The White House had hoped the 75th anniversary gathering would be a show of alliance unity and resolve against Russia. But the US domestic political turmoil and renewed equivocations from Trump about Washington’s commitments to the alliance’s common security principles contributed to an intense sense of unease.
Much of the talk throughout the week, whether in the cavernous convention centre where leaders gathered, at formal receptions across the US capital or at after-hours gatherings at bars and embassies, centred around how Biden had performed at the summit’s proceedings — and what his future would hold.
On Thursday evening as the summit’s programme was nearing its end, Biden mistakenly referred to Ukrainian President Volodymyr Zelenskyy as Russian President Vladimir Putin. He caught himself quickly, but the gaffe only stoked the tense environment and those in the room gasped.
“Now I want to hand it over to the president of Ukraine who has as much courage as he has determination, ladies and gentleman, President Putin,” Biden said, before quickly adding: “President Putin, he’s going to beat President Putin — President Zelenskyy.”
Viktor Orbán, Hungary’s prime minister who left the summit on Thursday to meet Trump in Florida, told other leaders at a formal White House dinner on Wednesday that Nato allies who still thought Biden could win “were like people on the Titanic playing violins as the ship went down”, according to people briefed on his private remarks.
Others were quick to dismiss such pessimism. Biden had been “fully present” during the summit, people who witnessed his official interventions said, and did not appear either distracted by the political storm outside the Nato bubble or as fatigued as he did during the debate two weeks ago that scrambled his re-election chances.
“The focus here really has been on the substance,” insisted Jake Sullivan, Biden’s national security adviser. “It’s been on what we’re trying to deliver for the defence of the alliance and deliver for Ukraine and deliver in our partnerships with the Indo-Pacific. It hasn’t been about politics.”
But his acuity and coherence during the White House dinner on Wednesday night was the main topic of conversation among delegations the next day, underscoring the widespread nervousness among Nato allies as to whether he would be able to continue to campaign — and eventually win.
Dozens of world leaders and their aides collectively held their breath at the opening ceremonies on Tuesday, where Biden surprised outgoing Nato secretary-general Jens Stoltenberg with the US’s highest civilian honour, the Presidential Medal of Freedom.

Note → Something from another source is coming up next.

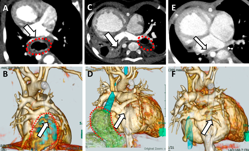 HH手術施行6例中肺静脈圧排が疑われHH手術を行った4例は,いずれも胸部CT検査で滑脱した胃による肺静脈圧排解除が確認された.そのうちの1例(症例4)の画像を提示する(Fig. 1).出生時の胸部CTで滑脱した胃が右下肺静脈を圧排しており(Fig. 1A, B),5ヵ月時の胸部CTで右下肺静脈閉塞を来していた(Fig. 1C, D).この段階での滑脱した胃による直接的な右下肺静脈圧排はないものの,以前認められた右下肺静脈圧排や,滑脱した胃による胸腔内容量の減少,心臓の位置変化が右下肺静脈閉塞の要因として否定できなかったことに加え,その時点で滑脱した胃が接していた左下肺静脈が圧排され閉塞することが危惧されたためHH修復術の適応とされた.HH修復術施行後の胸部CTでは左肺静脈圧排が解除されたのみならず,右肺静脈閉塞も改善していた(Fig. 1E, F).また,重度の胃食道逆流によりHH手術の適応となった1例は,術前から行っていたEDチューブによる経管栄養を術後に離脱することができ,左房後方スぺース確保目的にHH手術を行った1例ではTAPVC修復術を施行可能となった.
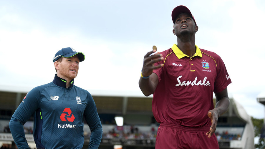 Teams: West Indies: 1 Chris Gayle, 2 John Campbell, 3 Shai Hope (wk), 4 Darren Bravo, 5 Shimron Hetmyer, 6 Jason Holder (capt) 7 Carlos Brathwaite, 8 Sheldon Cottrell, 9 Ashley Nurse, 10 Devendra Bishoo, 11 Oshane Thomas England: 1 Jason Roy, 2 Jonny Bairstow, 3 Joe Root, 4 Eoin Morgan (capt), 5 Ben Stokes, 6 Jos Buttler (wk), 7 Moeen Ali, 8 Tom Curran, 9 Liam Plunkett, 10 Adil Rashid, 11 Mark Wood

After reading encomiums for Stoltenberg from a teleprompter, Biden then turned to the tall Norwegian to fasten the medal around his neck. One person in the room said attendees could hear a pin drop as the gathered invitees waited to see whether the president could complete the task.
Other attendees of the opening session on Tuesday said Biden delivered strong remarks once cameras left the room. Biden’s true test will be a closing press conference on Thursday, where he is expected to take questions directly from journalists.
“He was robust and energetic in the room today,” said a person present during Wednesday’s closed-door sessions at the summit. “But being able to read prepared remarks from a paper is a low bar for a US president.”
Nato allies have been assiduous in refraining from any public remarks related to Biden’s health for fear of interfering in November’s election or upsetting a critical ally.
But the silence belied the acute nervousness among European allies about the election, given Trump’s stated anti-Nato positions and the importance of US security pledges to European capitals.
During a rally in Florida on Tuesday while Biden was kicking off the summit, Trump criticised the alliance and said he threatened world leaders not meeting their defence commitments that the US may not protect them against future Russian attacks. Article 5 of Nato’s founding North Atlantic Treaty requires allies to consider an attack on any member as an attack on all.
In public, attendees repeatedly batted away questions from reporters about Biden’s mental state or ability to lead.
“I’m not getting distracted,” Finnish foreign minister Elina Valtonen said in an interview with the Financial Times, when asked whether Biden’s challenges were taking away from the historic gathering. “I only worry about things I can influence . . . both Nato and the United States will survive whichever decision.”